**Problem to work on**. Find the line with "生活リズムが戻っていない人は" in the records below, then please transcribe it and every later line exactly, omitting the pictures and adding nothing.
*** Opening of Exercise inputs ***
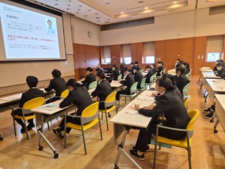 医療に興味がある生徒ということもあり、学校の説明が始まるとメモを取りながら話を聞き、実際の学校生活の様子が映し出されると皆が真剣に視聴していました。
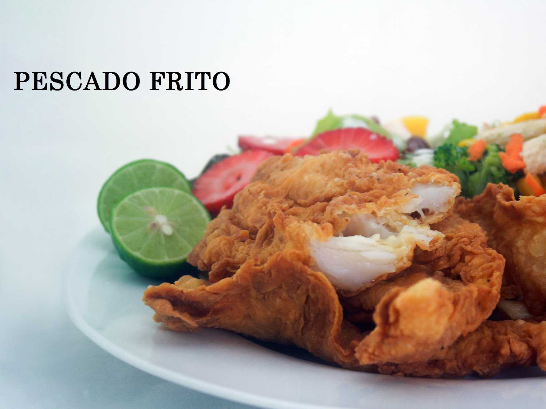 Filete de pescado sin espinas, cortado en tiras, incluye 2 acompañamientos.
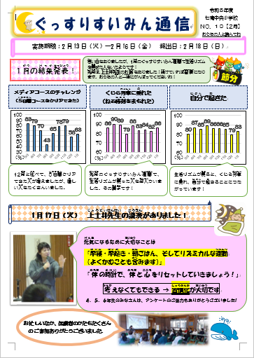 生活リズムが戻っていない人は、このぐっすりすいみん週間で生活リズムを取り戻しましょうご家庭でのご協力をよろしくお願いします
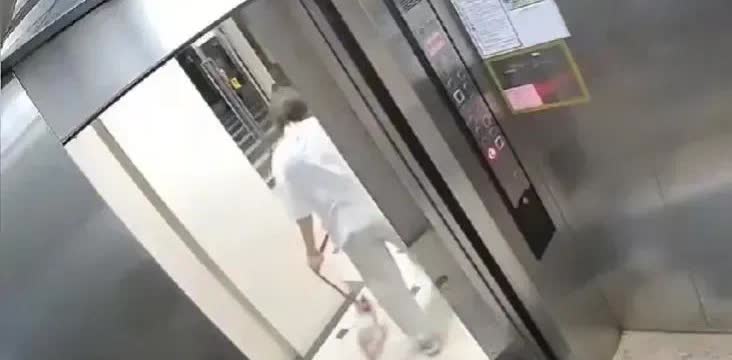 女子牵着狗狗坐电梯,同乘电梯的一名男子吓得靠在电梯角落瑟瑟发抖,嘴里不停的指责女
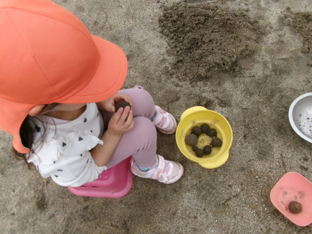 今日は外でたくさん遊びました。泥団子を作ったりケイドロやつなひきをしました。泥団子の腕が上達しています!
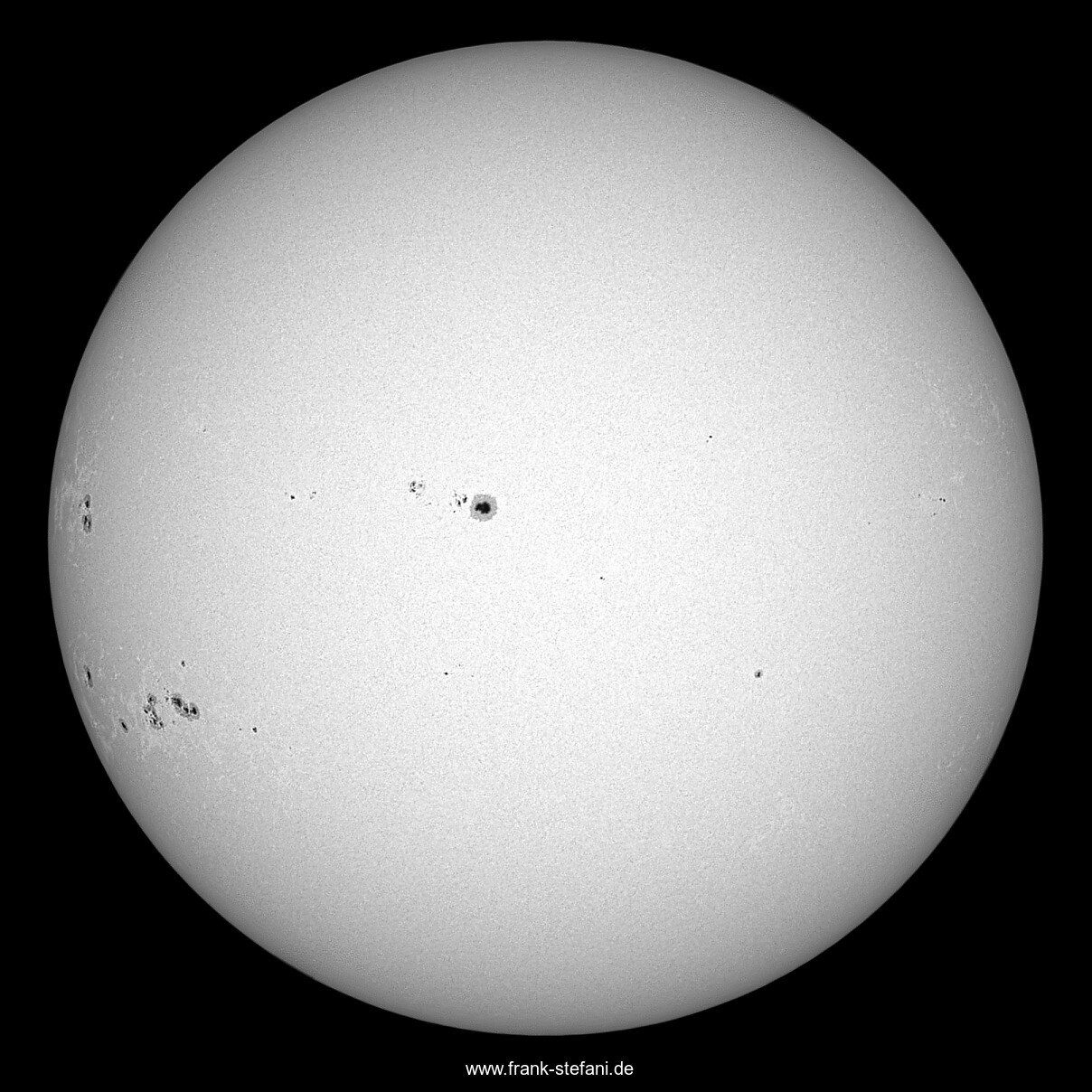 Wie es sich bereits gestern (25. August 2025) angekündigt hat ⇒ siehe https://www.spektrum.de/alias/wunder-des-weltalls/die-sonne-am-25-august-2025-es-wird-spannend/2284166 ⇐ sind nun tatsächlich zahlreiche Fleckengruppen am Westrand (links) der Sonne erschienen, die sich in den drei aktiven Regionen AR 14195 bis 14197 gebildet haben. Sie sind von wild mäandernden Fackelgebieten umgeben, die sich aufgrund der Randabdunkelung der Sonne sogar im Spektrum des sichtbaren Lichtes beobachten lassen. Das zugehörige Magnetogramm ⇒ https://solarmonitor.org/data/2025/08/26/pngs/shmi/shmi_maglc_fd_20250826_015843.png ⇐ bestätigt aufgrund seiner starken Ausprägung, diese Aktivitäten.
*** Close of Exercise inputs ***
**Exercise answer**.
 生活リズムが戻っていない人は、このぐっすりすいみん週間で生活リズムを取り戻しましょうご家庭でのご協力をよろしくお願いします
 女子牵着狗狗坐电梯,同乘电梯的一名男子吓得靠在电梯角落瑟瑟发抖,嘴里不停的指责女
 今日は外でたくさん遊びました。泥団子を作ったりケイドロやつなひきをしました。泥団子の腕が上達しています!
 Wie es sich bereits gestern (25. August 2025) angekündigt hat ⇒ siehe https://www.spektrum.de/alias/wunder-des-weltalls/die-sonne-am-25-august-2025-es-wird-spannend/2284166 ⇐ sind nun tatsächlich zahlreiche Fleckengruppen am Westrand (links) der Sonne erschienen, die sich in den drei aktiven Regionen AR 14195 bis 14197 gebildet haben. Sie sind von wild mäandernden Fackelgebieten umgeben, die sich aufgrund der Randabdunkelung der Sonne sogar im Spektrum des sichtbaren Lichtes beobachten lassen. Das zugehörige Magnetogramm ⇒ https://solarmonitor.org/data/2025/08/26/pngs/shmi/shmi_maglc_fd_20250826_015843.png ⇐ bestätigt aufgrund seiner starken Ausprägung, diese Aktivitäten.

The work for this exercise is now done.